Example: If our ternary form is x^3+y^3+z^3, then the corresponding ordered pair (S,T) is (0,1). Furthermore, the class number of the cubic form x1^3 + ... + xn^3 is 1 for any n (exercise for the reader), so in particular any integral ternary cubic form with invariants (S,T) = (0,1) is equivalent to x^3+y^3+z^3 over the integers. Thus, such a form has the property that a, b, and c can each be represented as sums of three (possibly negative) cubes. For instance, the cubic form

3x^3 + 2y^3 + z^3 - 3x^2y - 42y^2z + 12z^2x - 3xy^2 + 66yz^2 + 12zx^2 + 24xyz

has (S,T) = (0,1), and corresponds to the representations 3 = 4^3 + 4^3 - 5^3, 2 = -5^3 - 6^3 + 7^3, 1 = 10^3 + 9^3 - 12^3.

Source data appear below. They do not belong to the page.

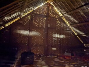 Munting Silid’s sind so gebaut das sie Öffnungen haben. Zum einen zwischen dem Dach und dem Boden. Trotz der Bauweise ist man vor starkem Wind und Regen geschützt. Wenn der Luftzug nicht ausreicht kann ein Ventilator genutzt werden, den die Betreiber zur Verfügung stellen. Der Schlafbereich befindet sich auf der ersten Etage und ist aufgrund der steilen Treppe nicht für ältere Personen gedacht, oder andere Personengruppen die damit Probleme haben. Im Zweifelsfall empfehle ich Euch Kontakt zu den Betreibern aufzunehmen und Optionen zu klären. Unter dem Schlafbereich befindet sich der Essbereich.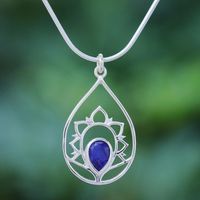 Blue Sillimanite and Sterling Silver Pendant Necklace 'Sense of Calm in Blue' Item ID: 2671800085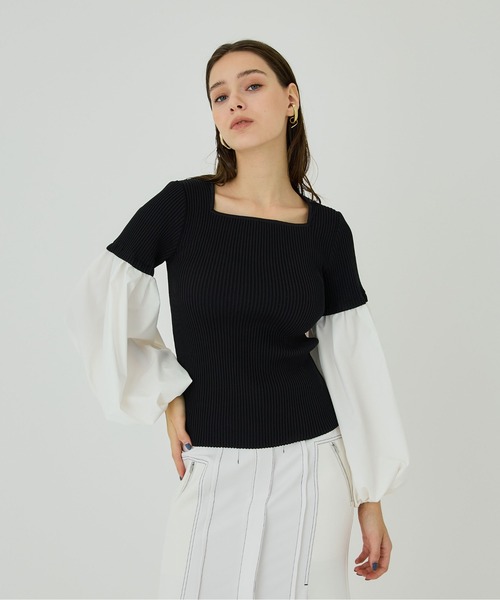 《UNITED TOKYO 2022AW ITEM》 〈素材〉・透け感/なし ・裏地/あり ・伸縮性/なし リブ編みのニット生地で伸びがよく、着心地も抜群。 袖の布帛の部分は、マットの質感のタフタ生地です。 ふんわり程よくボリューム感を出してくれます。 〈デザイン〉 コンパクトなシルエットのニットに、トレンドのふんわりとしたパフ袖で、華やかな女性らしさが際立つ一枚です。 開き過ぎないスクエアのネックラインで、体に程よくフィットするサイズ感で作りました。 ネックがすっきりしてる分、袖にボリュームを持たせています。 中にハイネックのカラーインナーと合わせて着ると、モードの印象を演出してくれます。 -------------------------------------------- お手入れ方法/ドライクリーニング推奨 -------------------------------------------- 【お買い物をよりお楽しみいただく為に】 ▼商品のお気に入り登録をおすすめします。 ♡をクリックしてください。 完売カラーの再入荷や、ラスト1点の通知、 セールの際の通知を受ける事ができます。 ブランドのお気に入り登録もご一緒にお願い致します。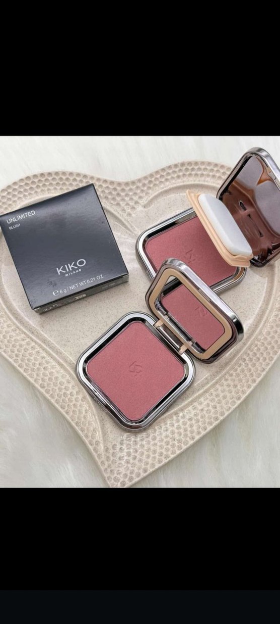 KIKO Unlimited pudra allık, pastel bej tonunda, yumuşak ve doğal bir görünüm sağlar. Kompakt kutuda ayna ve aplikatör bulunur.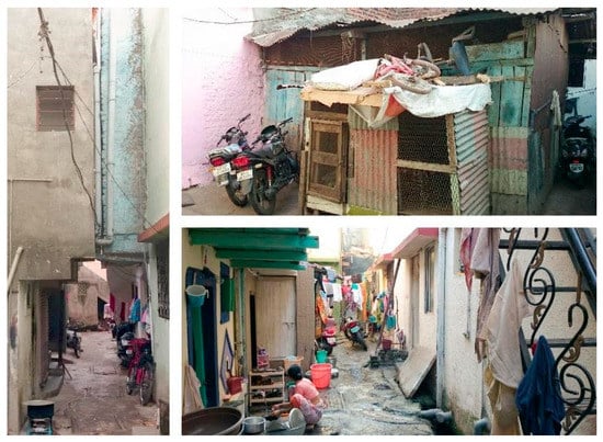 Over the last 50 years, different strategies have been adopted globally, ranging from denial, ignorance and demolition to tolerance, displacement and upgrading. However, the challenge of informal settlements cannot be simply tackled through forced eviction, demolition or displacement. With few exceptions that are located in hazard-prone areas, most of the existing settlements can be upgraded incrementally and on the same site. Such upgrading processes then rely on a sophisticated understanding of the existing morphologies, adaptations, and qualities of these settlements [,,,]. An elaborate understanding of urban morphology is crucial for better design interventions []. It is of great significance as certain practices of upgrading appear to be incompatible with adaptive processes of informal urbanism []. This paper aims to not evaluate certain upgrading projects or prescribe some definite solutions, but rather to explore the fluidity of space in informal settlements drawing on a case study of an informal settlement in Pune, India. It is important to reach a better understanding of the ways in which informal settlements work in terms of their morphologies and incremental adaptations before jumping into some prescriptive conclusions about how these settlements can be most effectively upgraded.

j-invariant: The j-invariant can be expressed in terms of S and T by the formula j = 1728*(4S)^3/((4S)^3 - T^2). This provides a way to calculate the j-invariant of a cubic curve, even if it has no rational points.